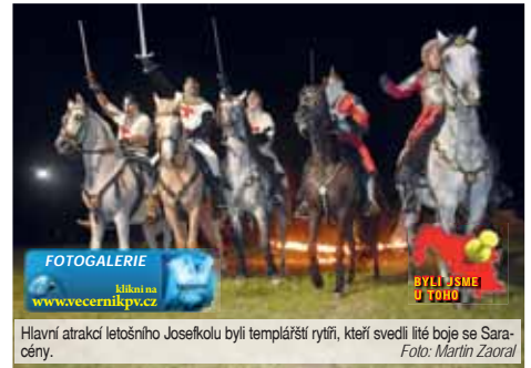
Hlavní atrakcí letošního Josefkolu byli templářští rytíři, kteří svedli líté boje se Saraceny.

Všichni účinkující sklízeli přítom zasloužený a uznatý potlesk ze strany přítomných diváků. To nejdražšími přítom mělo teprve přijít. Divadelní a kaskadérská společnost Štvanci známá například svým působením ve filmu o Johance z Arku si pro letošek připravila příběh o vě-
--
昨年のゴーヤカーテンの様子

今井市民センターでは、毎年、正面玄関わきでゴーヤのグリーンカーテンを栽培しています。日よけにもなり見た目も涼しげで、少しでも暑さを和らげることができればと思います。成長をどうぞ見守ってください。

» TASK STATEMENT:
Beginning at the line above that contains "Hlavní atrakcí letošního", return each line exactly through the line that contains "Všichni účinkující sklízeli", and no others.

» RESPONSE:
Hlavní atrakcí letošního Josefkolu byli templářští rytíři, kteří svedli líté boje se Saraceny.

Všichni účinkující sklízeli přítom zasloužený a uznatý potlesk ze strany přítomných diváků. To nejdražšími přítom mělo teprve přijít. Divadelní a kaskadérská společnost Štvanci známá například svým působením ve filmu o Johance z Arku si pro letošek připravila příběh o vě-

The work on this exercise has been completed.